QUATRO: Query-Adaptive Trust Region Policy Optimization for LLM Fine-tuning
Doyeon Lee, Eunyi Lyou, Hyunsoo Cho, Sookyung Kim, Joonseok Lee, Jaemoo Choi
TL;DR
QUATRO addresses instability in RL-based LLM fine-tuning due to heuristic trust-region approximations by introducing a query-adaptive trust-region objective derived via Lagrangian duality. It enforces per-prompt KL constraints, yielding adaptive update magnitudes through per-prompt dual variables and a stabilizing log-ratio term. Empirically, QUATRO outperforms GRPO-style baselines on six mathematical benchmarks, achieving higher Pass@k and Unique Correct Count while preserving entropy and exploration. The approach reduces gradient masking and entropy collapse, enabling robust training under policy staleness and aggressive learning rates, with larger gains at higher sampling budgets. It provides a unified framework linking TRPO, KL-regularization, and prompt-conditioned optimization for scalable LLM fine-tuning.
Abstract
GRPO-style reinforcement learning (RL)-based LLM fine-tuning algorithms have recently gained popularity. Relying on heuristic trust-region approximations, however, they can lead to brittle optimization behavior, as global importance-ratio clipping and group-wise normalization fail to regulate samples whose importance ratios fall outside the clipping range. We propose Query-Adaptive Trust-Region policy Optimization (QUATRO), which directly enforces trust-region constraints through a principled optimization.
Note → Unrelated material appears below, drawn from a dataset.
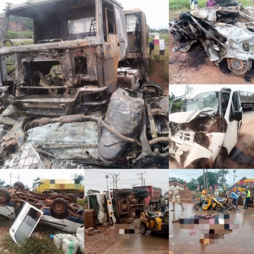 Tragedy struck along the Ozalla/4-Corner axis of the Enugu-Port Harcourt Expressway on Wednesday as two separate road accidents claimed the lives of ten people and left ten others severely injured.

This yields a clear and interpretable objective that enables explicit control over policy updates and stable, entropy-controlled optimization, with a stabilizer terms arising intrinsically from the exact trust-region formulation. Empirically verified on diverse mathematical reasoning benchmarks, QUATRO shows stable training under increased policy staleness and aggressive learning rates, maintaining well-controlled entropy throughout training.